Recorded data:
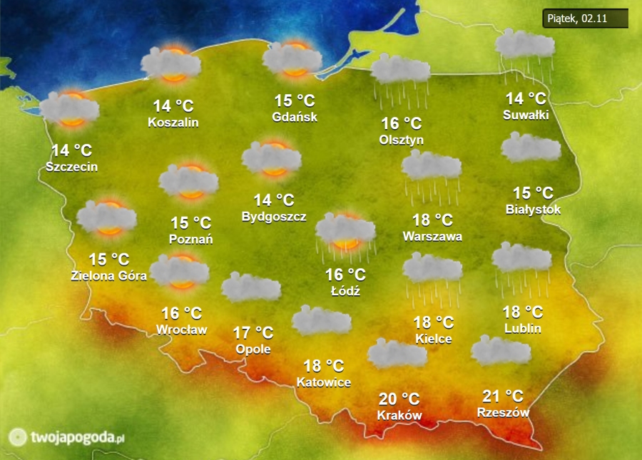 Termometry pokażą od 15-17 stopni na północy i zachodzie do 18-20 stopni na południu i w centrum. Lokalnie na Śląsku, w Małopolsce i na Podkarpaciu będzie jeszcze cieplej, nawet powyżej 20 stopni w cieniu.
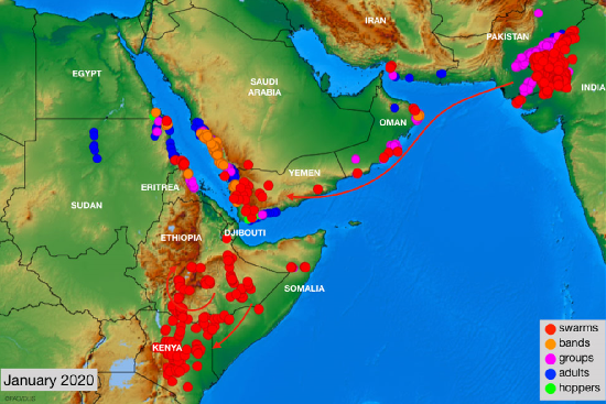 2月10日,聯(lián)合國(guó)糧食及農(nóng)業(yè)組織(FAO)向全球發(fā)布了沙漠蝗災(zāi)害最近一期預(yù)警,災(zāi)害涉及非洲之角、紅海沿岸國(guó)家埃塞俄比亞、索馬里,有報(bào)道烏干達(dá)、坦桑尼亞也有沙漠蝗發(fā)生,不久將擴(kuò)散進(jìn)入周邊國(guó)家更廣泛的區(qū)域。紅海西岸蘇丹、厄立特里亞,阿拉伯半島沙特阿拉伯、也門已經(jīng)開始防治工作。聯(lián)合國(guó)糧食及農(nóng)業(yè)組織希望全球高度戒備正在肆虐的蝗災(zāi),防止被入侵國(guó)家出現(xiàn)糧食危機(jī)。
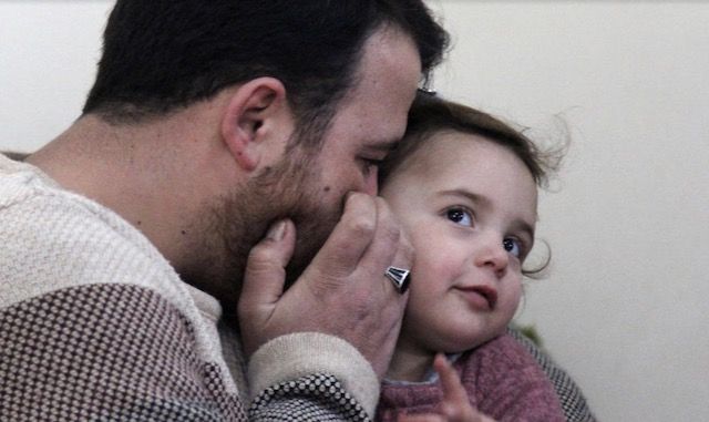 "Tell me Salwa, what did the plane do," the father asks his daughter.
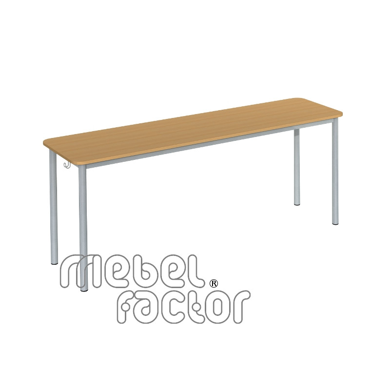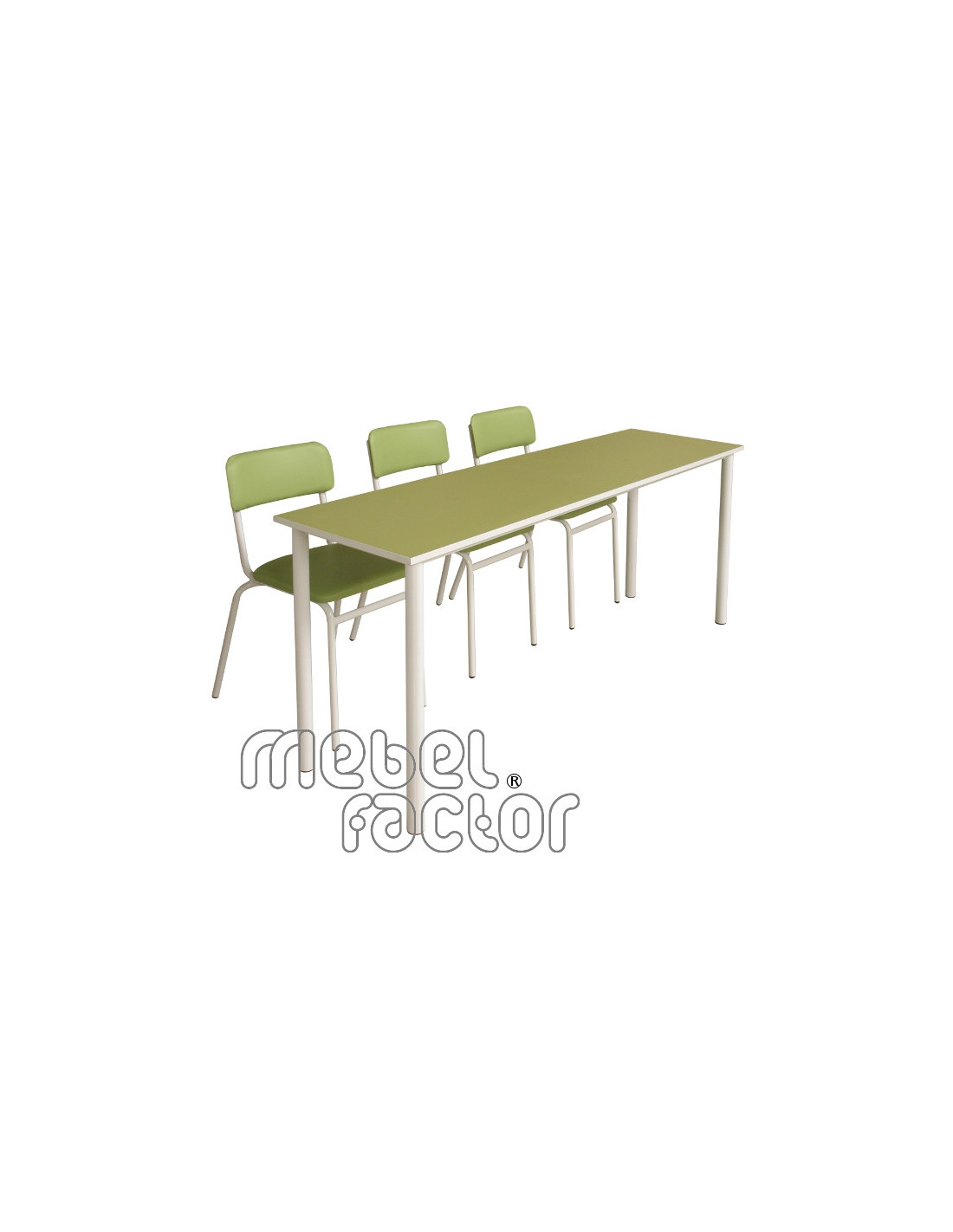 Триместна ученическа маса РОНДО, размер 6. Подходяща за възраст над 14 години. Вариант със заоблени ъгли на плота. Плот с размери 180х50/Н76см., кант 2,0мм. Декори на ламинирано ПДЧ от фирмения картел. Заварена конструкция с крака от тръба 40мм. Включени 2 броя закачалки за ученическа чанта. Полимерно, прахово покритие в цветове по RAL. Произведено в България. Продуктът отговаря на стандарт БДС EN 1729 - "Мебели. Столове и маси за учебни заведения."
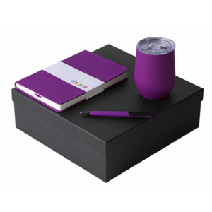 Подарочный набор c блокнотом C2, ручкой и термокружкой, фиолетовый в ассортименте цветов, материалов и моделей
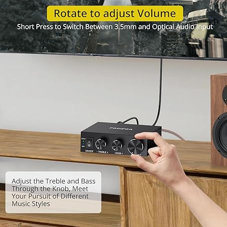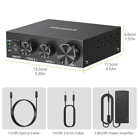 Thông tin sản phẩm PROZOR Stereo Amplifier 100W X 2 with Optical/3.5mm Input, TPA3221 Hi-Fi Audio, Bass & Treble Controls, 192KHz Audio Amplifier for Computer HDTV Bookshelf Passive Speaker
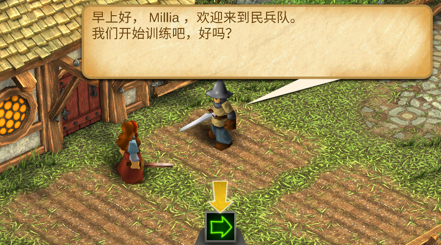 3、完成角色创建进入游戏,跟随对话指引,如“早上好,Millia,欢迎来到民兵团。我们开始训练吧,好吗?”,开启游戏训练等新手任务。
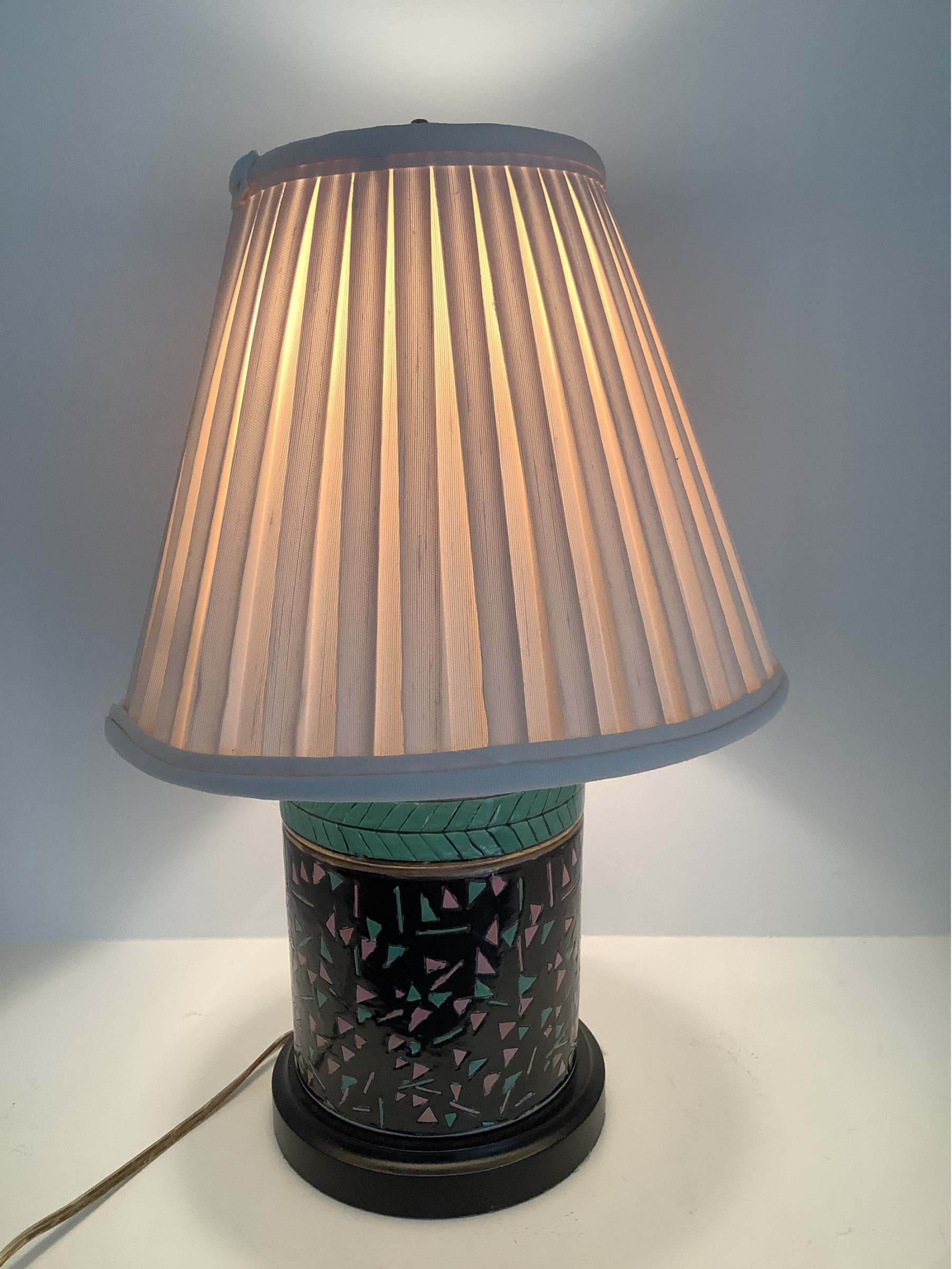 Vintage 16 Inch Lamp Ceramic Pink Green And Black Base
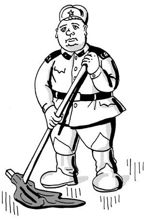 Вбежав в роту, я увидел дневального, стоявшего у тумбочки и нехотя отдававшего нам честь, и толстого солдата с глупым выражением лица, который тоже стоял рядом, на некотором отдалении, но со шваброй в руках.
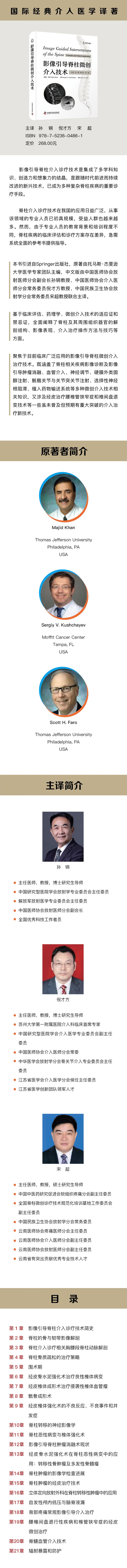 本书引进自 Springer 出版社,是一部聚焦于目前广泛应用的影像引导脊柱微创介入治疗技术的实用参考书。著者基于临床评估、药理学、微创介入技术的适应证和禁忌证,全面阐释了脊柱及其周围组织器官的解剖结构、影像表现、介入治疗操作方法与技巧等丰富内容,涵盖了脊柱相关疾病影像诊断及影像引导肿瘤消融、血管介入、神经调节、硬膜外类固醇注射、骶髂关节与关节突关节注射、选择性神经根阻滞、药物输送系统等多种微创介入技术相关知识。书中还介绍了经皮治疗腰椎管狭窄症和椎间盘退变技术等一些虽未普及但预期有重大突破的介入治疗新技术。本书特点鲜明,实用性强,且图文并茂,适合介入科、神经外科、脊柱外科、骨科等相关学科医生、医学生参考阅读。
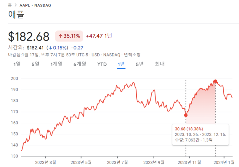 애플도 23년 10월에 저점을 보이고 연말까지 쭉죽 상승세를 타다가,
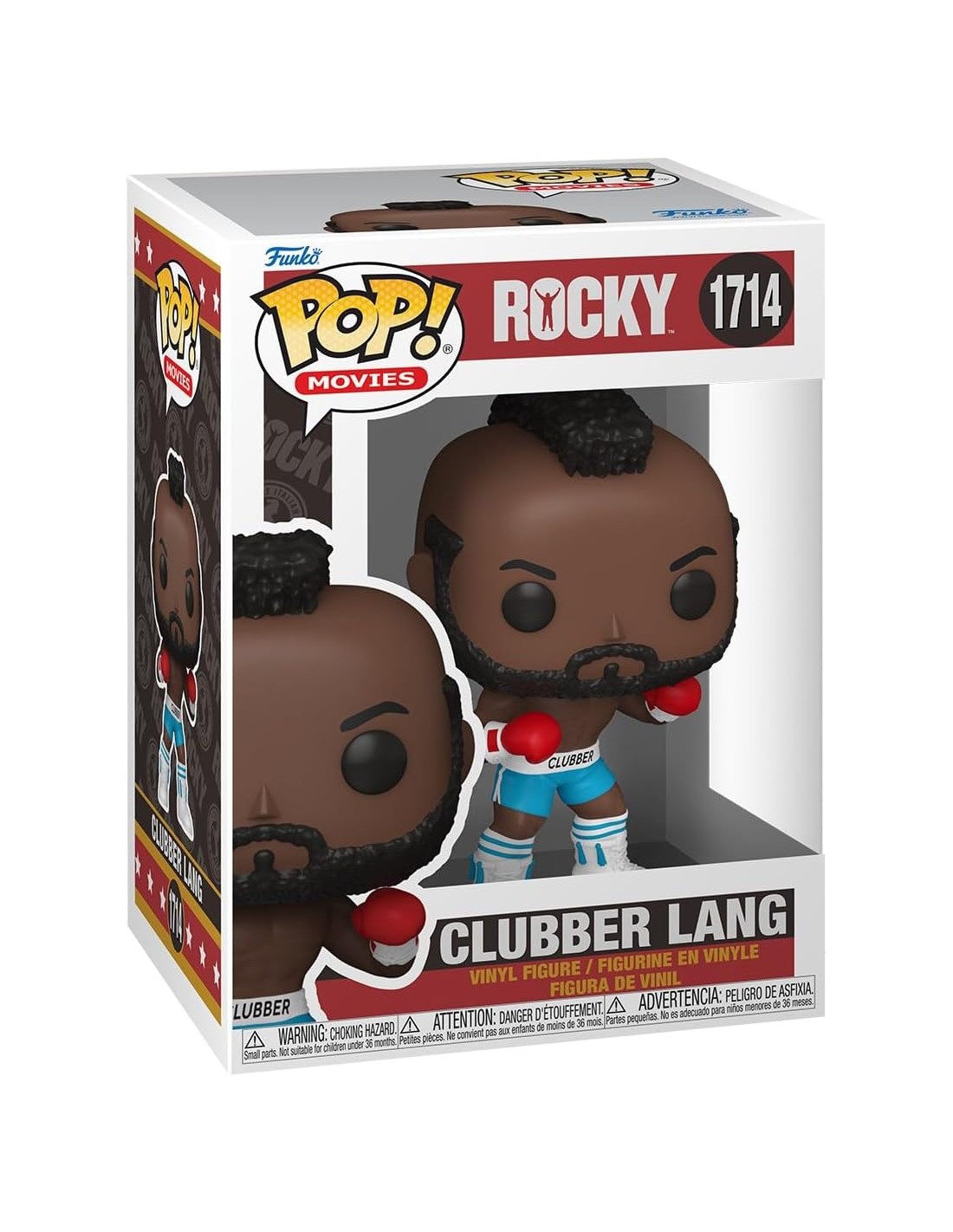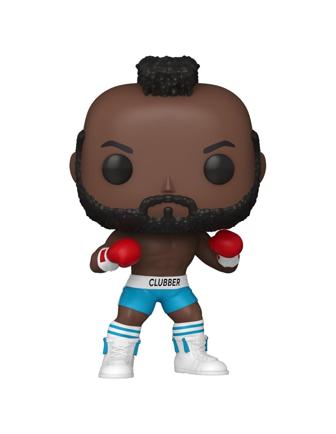 La figura Funko Pop! Películas Rocky Clubber Lang Modelo 1714 | 83547 representa a Clubber Lang, el carismático y feroz boxeador interpretado por Mr. T en Rocky III. Fabricada en vinilo y con una altura aproximada de 9 cm, esta figura muestra a Clubber en su atuendo de combate: pantalones cortos azules, guantes de box rojo y su característico peinado mohicano con patillas.
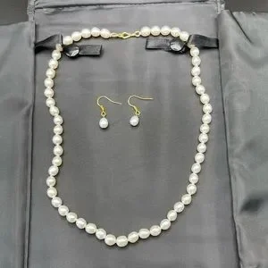 6-7mm Hand Strung Natural Rice Pearl Necklace Earring Set
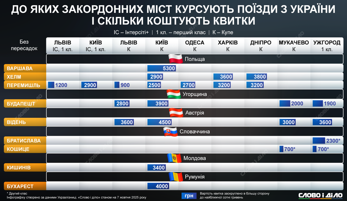С 10 октября из Украины будет курсировать новый поезд международного сообщения по маршруту Киев–Бухарест. Рейс будет выполняться ежедневно и проходить через Киев, Винницу, Жмеринку, Могилев-Подольский, Велчинец, Унгены, Яссы и столицу Румынии. А с 12 сентября Укрзализныця запустила из Ужгорода первые поезда евроколией в столицы Европейского Союза – Братиславу, Будапешт и Вену. «Слово и дело» на инфографике решило показать, из каких украинских городов и в какие зарубежные страны курсируют без пересадки поезда УЗ и сколько будет стоить билет.
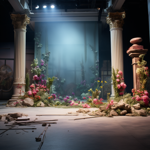 a cinematographer's camera setup in modern studio, studio lights in background, the set has a couple of chairs ready for educational discussion, lighting in background is dim, shallow depth of field, shot on nikon Z7 --s 500 --v 6.0
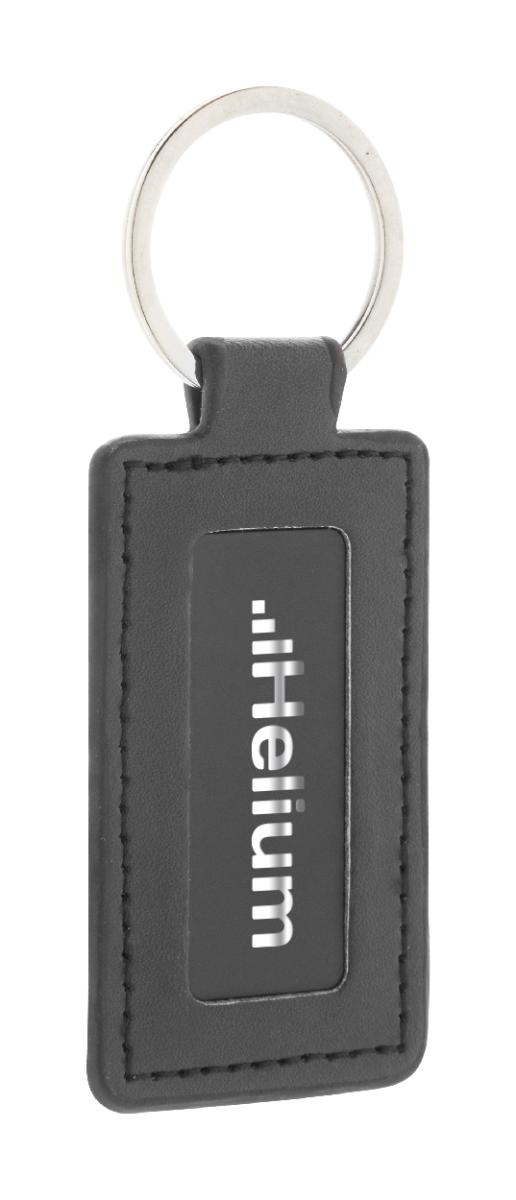 Obdélníkový přívěsek na klíče z recyklované PU kůže s kovovým kroužkem a nerezovou destičkou s logem a pogumovanou úpravou. Se speciálním povrchem pro zrcadlové laserové gravírování.

### [WHAT YOU WILL DO]
What is needed is a word-for-word copy of the lines from the start of the data to the line with "asks his daughter.", inclusive, with no pictures in it.

### [WORKED SOLUTION]
 Termometry pokażą od 15-17 stopni na północy i zachodzie do 18-20 stopni na południu i w centrum. Lokalnie na Śląsku, w Małopolsce i na Podkarpaciu będzie jeszcze cieplej, nawet powyżej 20 stopni w cieniu.
 2月10日,聯(lián)合國(guó)糧食及農(nóng)業(yè)組織(FAO)向全球發(fā)布了沙漠蝗災(zāi)害最近一期預(yù)警,災(zāi)害涉及非洲之角、紅海沿岸國(guó)家埃塞俄比亞、索馬里,有報(bào)道烏干達(dá)、坦桑尼亞也有沙漠蝗發(fā)生,不久將擴(kuò)散進(jìn)入周邊國(guó)家更廣泛的區(qū)域。紅海西岸蘇丹、厄立特里亞,阿拉伯半島沙特阿拉伯、也門已經(jīng)開始防治工作。聯(lián)合國(guó)糧食及農(nóng)業(yè)組織希望全球高度戒備正在肆虐的蝗災(zāi),防止被入侵國(guó)家出現(xiàn)糧食危機(jī)。
 "Tell me Salwa, what did the plane do," the father asks his daughter.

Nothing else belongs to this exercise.